The girl, who was now sitting beside me on the leather seat, specifically the dark mark which looked amazingly like a turtle, gave a disgusted look upon hearing this.

Are you surprised to find out the redhead, whom I soon found was named Lily Evans, has just married the boy she crinkled her nose at all those years ago?

She abandoned our religion (which was entirely based on my life motto) some time ago. James Potter (the boy she crinkled her nose at) chased her for the longest time. It was rather pathetic, really. But he was persistent, and she finally saw his charm, much to my dismay. Does she not realize he is an unnecessary commodity like the rest of them?

She fell in _love_, she says.

Psh, I say.

Though I wonder if she felt somewhat like I do now when she abandoned our religion. Did she also have to repeat "Boys are an unnecessary commodity" over and over until her will power finally gave through and she _gazed_ into Potter's eyes?

I pray to Merlin that it was not so.

Because in that case, I am soon to follow in her path.

But The One and Only Sirius Black is very different than James Potter, though they are practically attached at the hip. Sirius never chased me like James chased Lily. No, he was much to preoccupied with sending suggestive smirks at the gigglers, who latter became his fan club (it was partially out of hatred towards idiotic girls like them that I created my motto, in an effort to remain as unlike them as possible). I know this was to make me jealous. Lily told me that James told her that Sirius told him it was so.

This unnecessary commodity knew me all to well.

I am stubborn to a tee, but I can do stupid things out of jealous rage, which is exactly what I did one day.

Which brings me to the second atrocity in my love life: the day I kissed The One and Only Sirius Black.

It was a fine day in my sixth year. I was boyfriendless as always. It was becoming quite the class joke, actually. Even Lily had a date to the impending Halloween Ball, which I reprimanded her for on a daily basis. I told her it was disloyalty to our faith. She said unnecessary commodities were good for dancing with and it was not like they were going on a date; it was just for fun. This is where the argument would end because she was right, even though I would not admit it (remember, I said I was stubborn). At least she was not going with Potter.

So anyways, we are walking around the lake talking about nonsense and there are the dynamic four sitting under their usual tree.

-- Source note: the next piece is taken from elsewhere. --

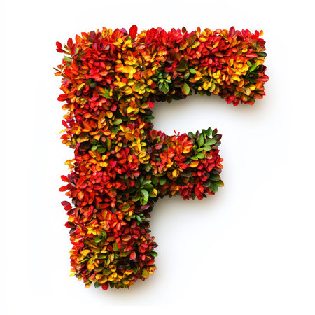 Alphabet letter F made of fall leaves, flowers. berries. Vibrant autumn colours. White clean background. Generative AI.

Today they were not making fun of Snape, which made Lily happy, but Sirius was doing that smirk thing to the gigglers. He kept giving me purposeful stares which I purposefully ignored. Or at least I tried to.

We walked by them and James immediately jumped up and began messing with his hair. I could see Lily twitching already. She hated it when he did that, and she knew he was going to talk to her.

"Hey Evans," James began. Lily was doing quite a good job at pretending to not see him up until then. She looked up in mock surprise when he called her.

"Why hello Potter," she said in sarcastic civility. I blocked out the rest, knowing what was to come next: Potter re-enacting the inquisition, harshly questioning why in the world she was going to the Halloween Ball with some Hufflepuff she hardly knew instead of him. Alternatively, I chose to focus on Sirius Black which, let me tell you, was a very bad idea.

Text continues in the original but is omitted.